Summer Milestones....

We finished up our two week daily morning trek to the pool on Friday.  Swimming lessons are wrapped up for another season.  Sis was super excited to go down the big slides and was anxiously deciding if she should jump off the diving board or not.  Sure, she wanted to, but sometimes fear can get the best of her.
All the kids paraded over to the diving board and lined up.  Some kids with no fear, ready to cannon ball, some a little apprehensive, some excited.  None of them knowing how their parents hearts would swell on the sidelines with pride and a bit of sadness as our babies are growing up, changing into little people who take risks, feel pride in themselves for moving past the fear.
Here she goes....
SPLASH!
She was bursting with pride, ready to get in line to go again.
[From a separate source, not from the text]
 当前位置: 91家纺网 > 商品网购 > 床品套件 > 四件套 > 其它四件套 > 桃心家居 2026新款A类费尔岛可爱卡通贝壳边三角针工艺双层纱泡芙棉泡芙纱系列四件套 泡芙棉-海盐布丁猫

I was choking back tears.  These little accomplishments aren't little at all to an almost seven year old.  Heck, I'm going to be 41 in a few weeks and I get it!  I know what this feels like!  It's amazing.  It's what strengthens you, it's that little kernel deep inside yourself that carries you through the low points in life.  

It's what I hope to fill her soul up with as a parent.  To be the best YOU can be and not to follow the silly crowd when it doesn't feel right.  Which is exactly what I told her to regarding her decision to jump or not.  To do what she felt was right for HERSELF.  I'm tossing the rope out a little further each time.  It feels good.  It feels like milestones in the making.
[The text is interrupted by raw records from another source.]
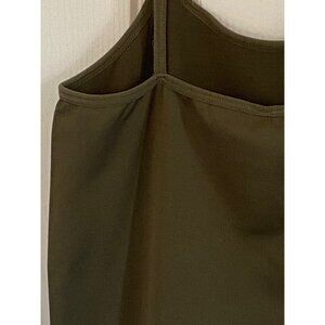 This olive green cami tank top features a sleek, minimalist design and adjustable spaghetti straps. It is versatile for layering or wearing solo
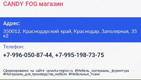 CANDY FOG, магазин по адресу 350012, Краснодарский край, Краснодар, Заполярная, 35 к2 в дальнейшем Организация, размещена в следующих категориях:
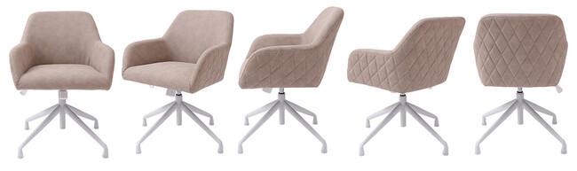 デスクチェアと同じく、360度回転します。座ったままくるっと向きを変えられるので、限られたスペースでも椅子を引かずに出入りが出来ます。
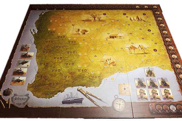 2.Martin Wallace設計的知名桌遊都有濃濃的鐵路風格,澳洲天劫這款桌遊也不例外,鐵路在這遊戲中也是很重要的一環,不論是開墾礦產、建設農場甚至打怪,都需要透過建設鐵路擴展領地才能達成。遊戲裡各項機制是環環相扣的,你必需建設鐵路才能擴張領地來建設農場(得分及獲得黃金)及採礦(可轉換成黃金或用來建設鐵路),而黃金可以讓你購買軍事單位用來打怪,怪物則會破壞你的農場跟港口。遊戲的主要操作就是蓋鐵路、拿資源、換黃金、買武器、打怪物,更簡單的來説就是一款開火車去打怪的神奇遊戲。

Second jump is a beauty.....
Waiting and watching....
Maybe next year Evan will decide to move past whatever was bugging him....
He made no sense to me at all.  He's been to water parks and gone down huge slides, he's jumped off the side of the pool with a life jacket on, he'll go under the water, blow bubbles, doesn't care if his face gets wet.  He loves the pool and the beach.  Yet he wouldn't go in shallow water and get a little instruction.  He went in one day and after all the tears, screaming and battling of wills, I gave up.  I just didn't have the fight in me for two long weeks.  So the last few days we didn't even pretend he was going in the pool and he just wore clothes!  

I have a sense this is just the beginning of what I am up against as a parent.  This was some sort of teaching tool in the classroom of life that I will draw upon when I parent teens.  Lord help me!
That's sis shooting out from the big slide!
She can dive down to pick up rings, she can tread water in the deep end, she has more confidence.  And following my two rules of what makes you successful in life: being a good reader and having self-confidence...I'd say she's well on her way!